「夏と野球」と聞くと高校野球が連想されるが、熱さではプロ野球だって負けてはいない。後半戦の戦いのなかで優勝、CS進出、タイトルをかけた争いが激しさを増し、ペナントレースが日に日に盛り上がるからだ。
そんな夏場の真剣勝負だからこそ生まれるドラマがある。今回は「プロ野球夏物語」の後編をお届け。
前編では8月に本塁打を量産する「夏男」としてバレンティン(ヤクルト)を取り上げたが、後編では筒香嘉智(DeNA)をクローズアップしたい。2016年7月、2017年8月と2年連続で夏場に月間MVPを獲得しているからだ。
気になる成績を見ると、実のところ2016年は7月に打率.429、16本塁打、31打点という錚々たる成績を残した反動か、8月は振るわなかった。
しかし2017年になると、月間MVPを獲得した8月だけでなく7月もしっかりとした働きぶりを見せている。
■2017年夏の筒香嘉智の成績
7月:打率.312/5本塁打/18打点
8月:打率.315/7本塁打/23打点
今季も7月時点で打率3割を維持していることから、8月も大いに期待できる。筒香は紛うことなき「夏男」の仲間入りを果たしたといえるだろう。
連日の猛暑が当たり前となった近年だが、プロ野球界でも振り返ってみると、どう考えても夏のせいにしたくなる珍事件がある。
2017年8月11日の広島対巨人では、お盆の交通渋滞に巻き込まれて巨人の選手の荷物が届かなかったため、試合開始が30分遅れるという珍事が起こった。
また、2014年8月16日に行われた西武対日本ハムは、5時間48分をかけて延長12回引き分けという展開に。
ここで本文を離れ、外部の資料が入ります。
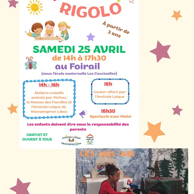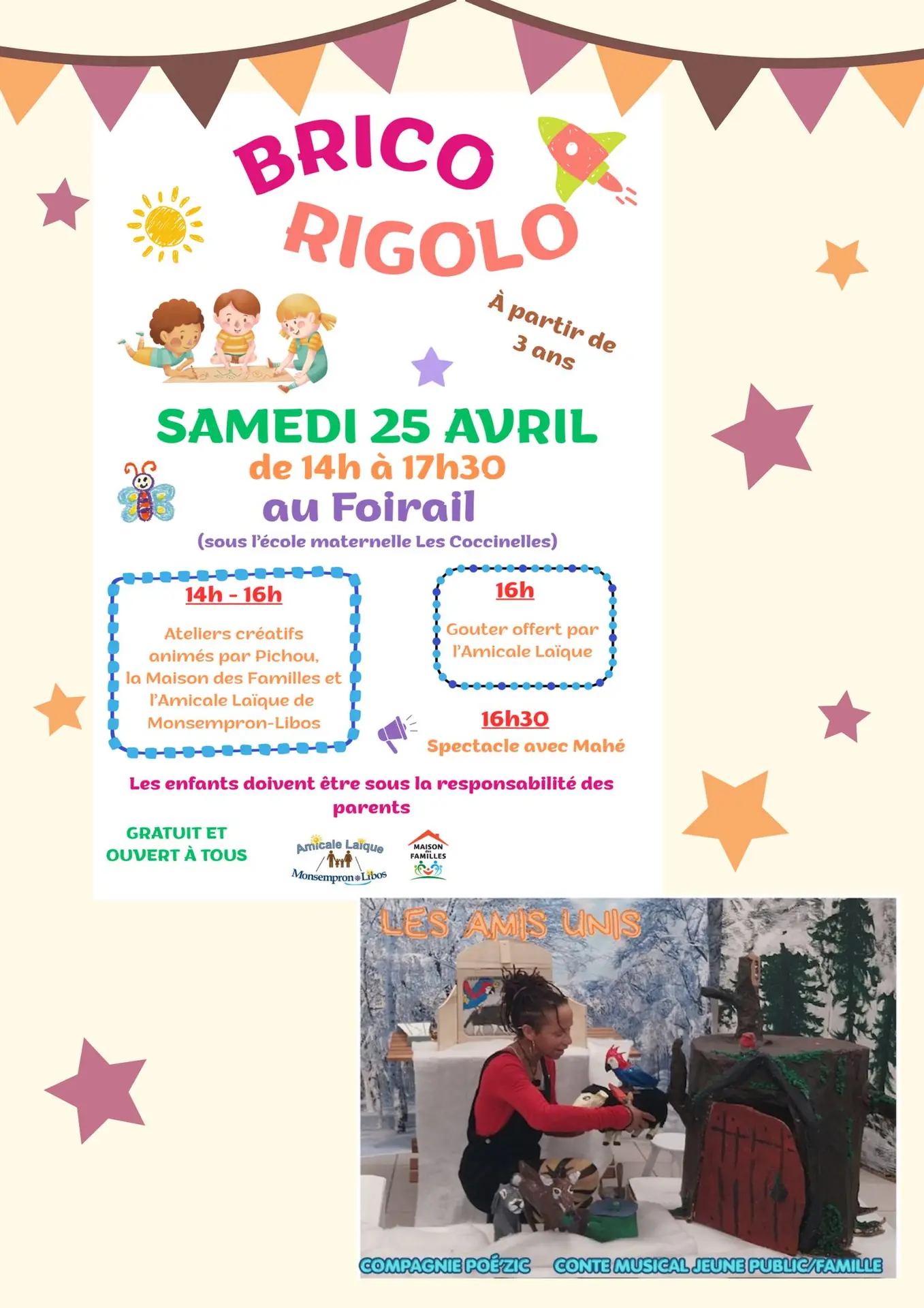 Ateliers créatifs parents et enfants à partir de 3 ans. 16h : Goûter offert par l'Amicale Laïque. 16h30 : Spectacle avec Mahé. Ouvert à tous.

これだけなら「激闘」で片づけられるのだが、翌日も5時間14分で同じく延長12回引き分け……。暑さゆえに集中力が途切れそうだったのだろうか。ここまでくると偶然では片づけられない、夏の暑さによる見えざる力が働いているのでは? という疑念を禁じ得ない。
ちなみに5時間ゲームというだけでは長時間試合のランキングには入らないが、2試合連続5時間超えはプロ野球史上初の出来事だった。
プロ野球の夏の祭典と言えばオールスターゲーム。今年は京セラドーム大阪とリブワーク藤崎台球場で行われ、選手もファンも年に1度の宴を楽しんだ。そんなオールスターの歴史を振り返ってみると目を疑いたくなる記録が飛び出してきた。
それは、1試合あたりの両軍合わせての最多本塁打記録。1979年7月24日の神宮球場での試合と1987年7月28日の甲子園での試合で、両軍合わせて8本のアーチが乱れ飛んでいる。
ちなみに1979年は王貞治(巨人)、山本浩二(広島)が2本塁打、白仁天(ロッテ)、レオン・リー(ロッテ)、有藤通世(ロッテ)、柏原純一(日本ハム)が1本塁打で都合8本。
1987年は村上隆行(近鉄)が2本塁打、清原和博(西武)、デービス(近鉄)、石嶺和彦(阪急)、小早川毅彦(広島)、バース(阪神)、衣笠祥雄(広島)が各1本塁打で8本となっている。
夏場に強い選手や夏の珍事などを取り上げた「プロ野球夏物語」は、いかがだっただろうか。
筆者は前編で紹介した「夏のサウナ的メットライフドーム」がツボである。西武は筆者のひいきチームだが、夏場の観戦となると仲間にはなかなか声をかけにくい……。
理由はもちろん「暑さ」のため。とは言っても、それこそがメットライフドームの愛すべき個性でもあるので、このままの姿でいてほしいという思いもある。
優勝争いへ向けた正念場に差し掛かる夏に起こる珍事も「風物詩」の一つとして楽しみながら、プロ野球ウォッチングを続けていこう。